Review: Just Playing and The Road Taken are the first two (hopefully not the only two) books in the story of Jamie and Michael. Well, they are actually the story of Pax Cymrica, a rock band formed by Jamie and Michael. But more than the story of the band’s ups and downs and personnel changes, it’s the story of Jamie and Michael and the love they feel for each other, beginning at a very early age. They begin to explore their attraction in a joint masturbation session while camping as young teens. There are many hurdles to their having a relationship, the highest of which is that it’s the early 1970s, and they want to be rock musicians. There just weren’t out gay rock stars in the 1970s. Elton John and Freddie Mercury were both rumored to be gay, but no one dared say it as truth. There were very few out gay men or women in the early 70s, period.
When Jamie and Michael come to the realization that they can’t be lovers and they can’t force themselves to just be friends, they have to live completely separate lives. They form separate bands. They still live in the same town but have nothing to do with each other. An impromptu drop-in on Jamie’s band practice to get in out of the rain turns into Michael stepping in to jam with them. Michael winds up joining Pax just before they take off on the road to success.

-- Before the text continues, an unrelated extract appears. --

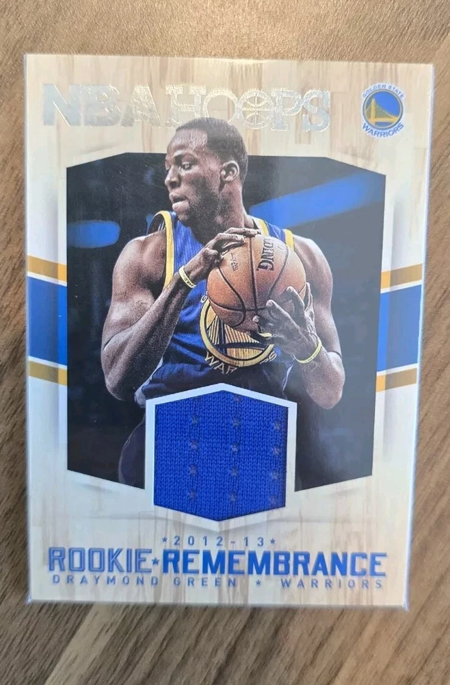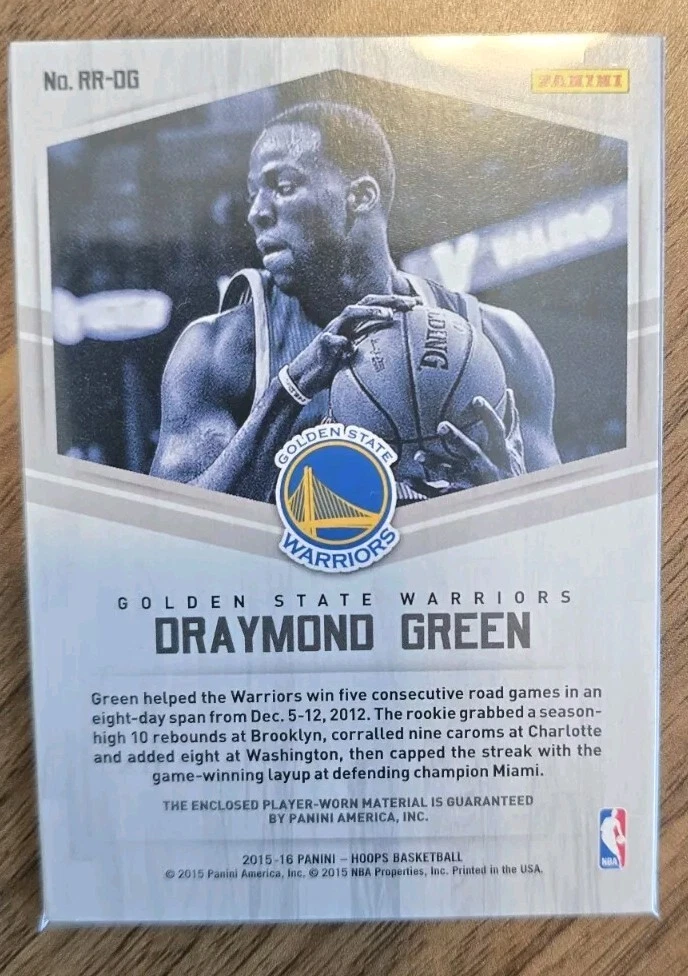 It is a Draymond Green 2015-16 NBA Donruss Rookie Remembrance PATCH card featuring the Golden State Warriors player. The card is a sports trading card manufactured by Panini as part of the 2015-16 set. It is a rookie card with a patch variation, indicating it contains a piece of a player-worn patch. The card number is RR-DG and it is a collectible item for basketball fans.

This is the beginning of their real struggle: to make it in a tough business, to continue to create and perform great music, to put on their stage faces and their interview faces and their fan faces without ever touching or staring longingly at each other or, god help us, being alone together. The problem with this plan is that their chemistry, the feelings between them, were what made the music they created so great. The love and longing between them came through clearly in the music they made together. Without the ‘together’ part, the music didn’t cut it.
Someone comes up with the brilliant idea to involve Sapphire, a long-time groupie of the first band Pax toured with, and then of Pax themselves, to act as a beard for one of the men, allowing them to be together behind that front. Michael just couldn’t do it, and the record executive (nicknamed: O’Devil) was beginning to scream about the sexual vibes flowing between Michael and Jamie onstage, so Jamie took the plunge with Sapphire. If you’ve ever read any gay fiction before, I don’t have to tell you how that went.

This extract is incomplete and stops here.